It was also interesting, Tombstone thought, how the man’s broken English had mended quite a bit overnight. No more “A-okay” slang or dropped articles.

“I need to ask you, Captain, how long the helicopter flight to your carrier will take.

Tombstone looked at the man curiously. “Didn’t the general’s staff cover all of this after their briefing?”

Abdulhalik gave Tombstone a narrow, inscrutable look. “I feel safer sometimes if I can… confirm information I have been given.”

Though he hadn’t been in on the original planning, Tombstone had seen the day’s schedule, worked out item by item by UN and Russian personnel several days earlier, and approved by both him and Captain Whitehead yesterday.
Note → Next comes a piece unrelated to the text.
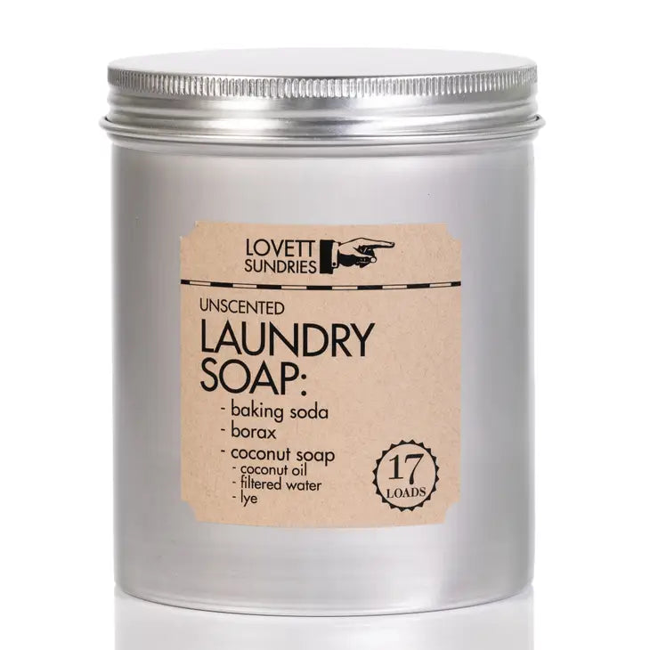 The main ingredient in our laundry soap is ... soap. We use handmade coconut soap flakes and borax as our base. It’s unscented and easy on your clothes, and they come out smelling fresh and clean, not like potpourri.

Boychenko would make his speech, followed by a speech from Special Envoy Sandoval on behalf of the UN, and another by Admiral Tarrant. There would be a brief opportunity for questions from the press, and immediately afterward, Boychenko and his senior staff officers, along with Tarrant and his staff, would be taken to a CH-53 Sea Stallion waiting on the east side of the White Palace grounds. The group would be flown out to the Jefferson, where Boychenko would officially request asylum.

As CAG, Tombstone had been consulted on the aircraft timetables, especially in regard to the CAP that would cover the helo on its flight back to the Jefferson. Tombstone had assumed that the necessary information had been passed on to Boychenko’s security personnel. Apparently, though, Abdulhalik wanted to make sure that the information he’d heard was the same as what Tombstone had provided.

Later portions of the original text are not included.